(Aim of the exercise): Return only the stretch of the material below that begins with the line containing "Depois aqueça a" and ends with the line containing "11月29日,中國(guó)", exactly; both of those lines belong to it.

(Exercise data):
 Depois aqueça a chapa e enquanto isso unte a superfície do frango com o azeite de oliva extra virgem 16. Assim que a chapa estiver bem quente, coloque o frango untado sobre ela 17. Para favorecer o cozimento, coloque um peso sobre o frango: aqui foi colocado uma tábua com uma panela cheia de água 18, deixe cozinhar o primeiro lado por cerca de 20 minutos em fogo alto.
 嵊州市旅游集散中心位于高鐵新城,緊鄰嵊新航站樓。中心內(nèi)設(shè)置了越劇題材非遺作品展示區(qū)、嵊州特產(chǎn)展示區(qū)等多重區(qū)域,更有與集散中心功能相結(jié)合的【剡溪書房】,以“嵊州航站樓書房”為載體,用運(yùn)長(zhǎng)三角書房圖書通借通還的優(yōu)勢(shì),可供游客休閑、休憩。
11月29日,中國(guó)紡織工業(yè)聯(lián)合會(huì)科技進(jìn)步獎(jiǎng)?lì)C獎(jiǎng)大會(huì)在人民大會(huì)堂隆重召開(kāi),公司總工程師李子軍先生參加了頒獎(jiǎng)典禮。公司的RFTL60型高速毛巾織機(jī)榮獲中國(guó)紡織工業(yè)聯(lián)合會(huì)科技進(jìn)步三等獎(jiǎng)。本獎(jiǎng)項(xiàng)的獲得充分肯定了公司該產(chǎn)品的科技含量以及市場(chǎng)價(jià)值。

--

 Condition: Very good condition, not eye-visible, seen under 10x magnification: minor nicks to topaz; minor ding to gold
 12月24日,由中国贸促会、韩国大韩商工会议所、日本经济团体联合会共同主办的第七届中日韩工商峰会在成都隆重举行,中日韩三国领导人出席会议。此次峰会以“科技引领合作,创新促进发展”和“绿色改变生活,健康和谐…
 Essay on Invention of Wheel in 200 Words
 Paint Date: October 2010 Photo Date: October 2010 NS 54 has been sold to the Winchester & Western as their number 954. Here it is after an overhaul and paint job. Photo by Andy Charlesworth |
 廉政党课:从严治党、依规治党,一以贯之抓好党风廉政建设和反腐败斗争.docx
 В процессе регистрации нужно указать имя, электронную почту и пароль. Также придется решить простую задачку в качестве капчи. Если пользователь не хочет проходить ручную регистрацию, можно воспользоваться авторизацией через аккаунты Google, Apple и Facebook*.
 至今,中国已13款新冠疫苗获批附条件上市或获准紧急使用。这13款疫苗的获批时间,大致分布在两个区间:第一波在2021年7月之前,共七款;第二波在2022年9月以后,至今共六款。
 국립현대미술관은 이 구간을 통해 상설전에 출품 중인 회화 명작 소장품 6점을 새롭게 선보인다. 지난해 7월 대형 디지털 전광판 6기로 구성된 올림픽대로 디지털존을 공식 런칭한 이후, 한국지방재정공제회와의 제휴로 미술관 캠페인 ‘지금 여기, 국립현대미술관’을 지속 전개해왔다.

--

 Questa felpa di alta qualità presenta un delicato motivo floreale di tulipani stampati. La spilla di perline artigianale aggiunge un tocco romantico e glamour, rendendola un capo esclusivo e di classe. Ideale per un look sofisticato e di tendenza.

(Solution to the exercise):
 Depois aqueça a chapa e enquanto isso unte a superfície do frango com o azeite de oliva extra virgem 16. Assim que a chapa estiver bem quente, coloque o frango untado sobre ela 17. Para favorecer o cozimento, coloque um peso sobre o frango: aqui foi colocado uma tábua com uma panela cheia de água 18, deixe cozinhar o primeiro lado por cerca de 20 minutos em fogo alto.
 嵊州市旅游集散中心位于高鐵新城,緊鄰嵊新航站樓。中心內(nèi)設(shè)置了越劇題材非遺作品展示區(qū)、嵊州特產(chǎn)展示區(qū)等多重區(qū)域,更有與集散中心功能相結(jié)合的【剡溪書房】,以“嵊州航站樓書房”為載體,用運(yùn)長(zhǎng)三角書房圖書通借通還的優(yōu)勢(shì),可供游客休閑、休憩。
11月29日,中國(guó)紡織工業(yè)聯(lián)合會(huì)科技進(jìn)步獎(jiǎng)?lì)C獎(jiǎng)大會(huì)在人民大會(huì)堂隆重召開(kāi),公司總工程師李子軍先生參加了頒獎(jiǎng)典禮。公司的RFTL60型高速毛巾織機(jī)榮獲中國(guó)紡織工業(yè)聯(lián)合會(huì)科技進(jìn)步三等獎(jiǎng)。本獎(jiǎng)項(xiàng)的獲得充分肯定了公司該產(chǎn)品的科技含量以及市場(chǎng)價(jià)值。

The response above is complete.